Beim beinharten Critérium du Dauphiné Mitte Juni hatte er sich in die Weltspitze katapultiert. Geschlagen wurde der Ulmer als Gesamtdritter dort nur von den Größten des Radsports, Tadej Pogacar und Jonas Vingegaard – Doppel-Olympiasieger Remco Evenepoel ließ er sogar hinter sich. 

Und mit genau diesen Stars will sich Lipowitz in den kommenden Wochen auch auf der größten aller Radsport-Bühnen messen – auf über 3320 Kilometern mit 51.550 Höhenmetern in der Hochsommerhitze Frankreichs. Weshalb er den Fokus zuletzt voll auf die Tour gelegt hat. Die Deutschen Meisterschaften in Linden, bei denen sich Georg Zimmermann zum neuen Titelträger krönte, ließ Lipowitz vorsorglich aus.

Ob der Tank aber wirklich schon für drei Wochen auf absolutem Topniveau reicht? Fraglich. Beim Red-Bull-Team zumindest stapelt man vorsorglich tief, um den Druck vom Youngster zu nehmen. „Er wird viel lernen, er muss viel lernen“, sagt Aldag über den früheren Biathleten, der erst 2020 zum Radsport wechselte und insbesondere auf der taktischen Ebene noch großes Entwicklungspotenzial aufweist. 

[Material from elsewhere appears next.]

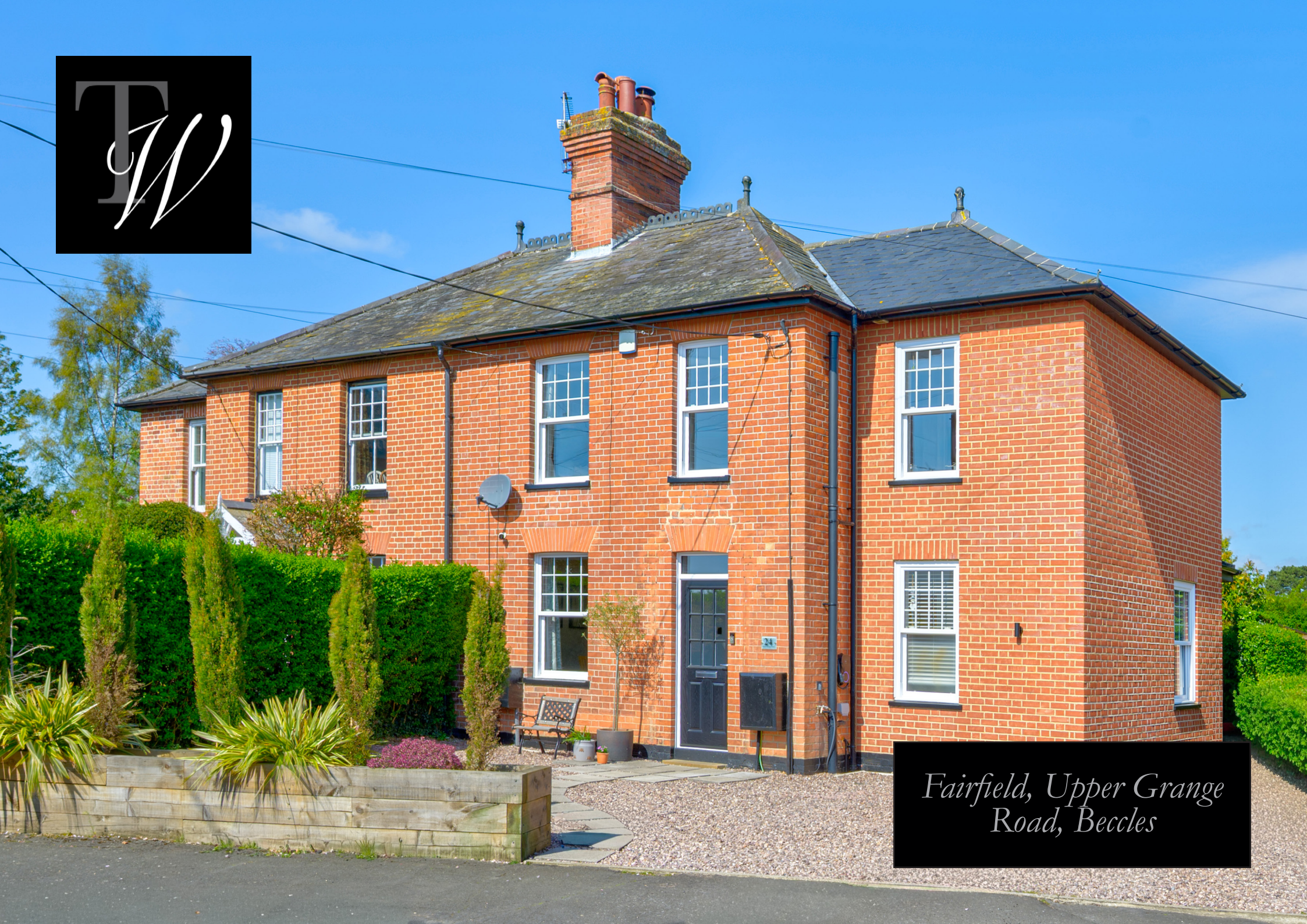
Fairfield, Upper Grange Road, Beccles

Und auch der umtriebige Teammanager Ralph Denk will es mit seinem „Herzensprojekt“ behutsam angehen. Lipowitz, dessen offizielle Zielvorgabe lautet, das Ziel in Paris zu erreichen, solle erstmal sturzfrei durch die erste Woche kommen, sagt Denk – „und dann soll er mal klettern und schauen, wie lange er dranbleibt“.

Träumen ist dennoch schon 2025 erlaubt. Der kleine Hype in Deutschland, dem Land, in dem die Tour spätestens seit Jan Ullrichs Triumph im Jahr 1997 alles überstrahlt, ist ohnehin nicht mehr einzufangen. Kein Wunder, denn läuft alles perfekt, dann kann Lipowitz in Frankreich eben doch schon einen Podestplatz angreifen. Er wäre der erste Deutsche in diesen Gefilden seit Emanuel Buchmann, dem Gesamtvierten von 2019.

Buchmann selbst traut Lipowitz eine Menge zu. „Er ist natürlich superstark“, sagte der Ravensburger dem SID am Rande der Rad-DM: „Er hat echt große Chancen, da ganz vorne mitzufahren.